--- START ---

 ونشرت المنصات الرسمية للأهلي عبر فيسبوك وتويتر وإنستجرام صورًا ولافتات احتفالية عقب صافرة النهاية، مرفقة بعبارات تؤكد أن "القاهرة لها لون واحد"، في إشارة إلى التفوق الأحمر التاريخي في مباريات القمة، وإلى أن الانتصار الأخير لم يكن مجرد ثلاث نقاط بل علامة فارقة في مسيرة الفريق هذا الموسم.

--- END ---
--- START ---

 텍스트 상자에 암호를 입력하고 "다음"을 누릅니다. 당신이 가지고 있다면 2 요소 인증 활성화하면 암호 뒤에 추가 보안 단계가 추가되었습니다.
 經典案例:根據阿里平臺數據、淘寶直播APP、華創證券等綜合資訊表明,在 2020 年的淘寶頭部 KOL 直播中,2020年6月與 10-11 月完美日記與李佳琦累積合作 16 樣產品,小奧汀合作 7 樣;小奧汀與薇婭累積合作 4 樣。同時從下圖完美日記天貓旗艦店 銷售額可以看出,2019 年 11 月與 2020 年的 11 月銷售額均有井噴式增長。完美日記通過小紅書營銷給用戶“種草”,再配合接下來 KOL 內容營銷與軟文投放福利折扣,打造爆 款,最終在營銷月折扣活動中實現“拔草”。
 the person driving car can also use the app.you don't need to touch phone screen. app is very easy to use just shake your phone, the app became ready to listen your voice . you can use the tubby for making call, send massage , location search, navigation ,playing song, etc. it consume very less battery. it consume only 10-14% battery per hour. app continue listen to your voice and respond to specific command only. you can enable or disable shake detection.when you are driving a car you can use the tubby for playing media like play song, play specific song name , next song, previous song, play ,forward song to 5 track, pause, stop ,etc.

--- END ---

● Goal of the exercise: Only one part of the material above is to be transcribed, namely the lines starting with the line that has "텍스트 상자에 암호를" and going on through the line that has "經典案例:根據阿里平臺數據、淘寶直播APP、華創證券等綜合資訊表明,在 2020 年的淘寶頭部", exactly as they stand.

● Result below:
 텍스트 상자에 암호를 입력하고 "다음"을 누릅니다. 당신이 가지고 있다면 2 요소 인증 활성화하면 암호 뒤에 추가 보안 단계가 추가되었습니다.
 經典案例:根據阿里平臺數據、淘寶直播APP、華創證券等綜合資訊表明,在 2020 年的淘寶頭部 KOL 直播中,2020年6月與 10-11 月完美日記與李佳琦累積合作 16 樣產品,小奧汀合作 7 樣;小奧汀與薇婭累積合作 4 樣。同時從下圖完美日記天貓旗艦店 銷售額可以看出,2019 年 11 月與 2020 年的 11 月銷售額均有井噴式增長。完美日記通過小紅書營銷給用戶“種草”,再配合接下來 KOL 內容營銷與軟文投放福利折扣,打造爆 款,最終在營銷月折扣活動中實現“拔草”。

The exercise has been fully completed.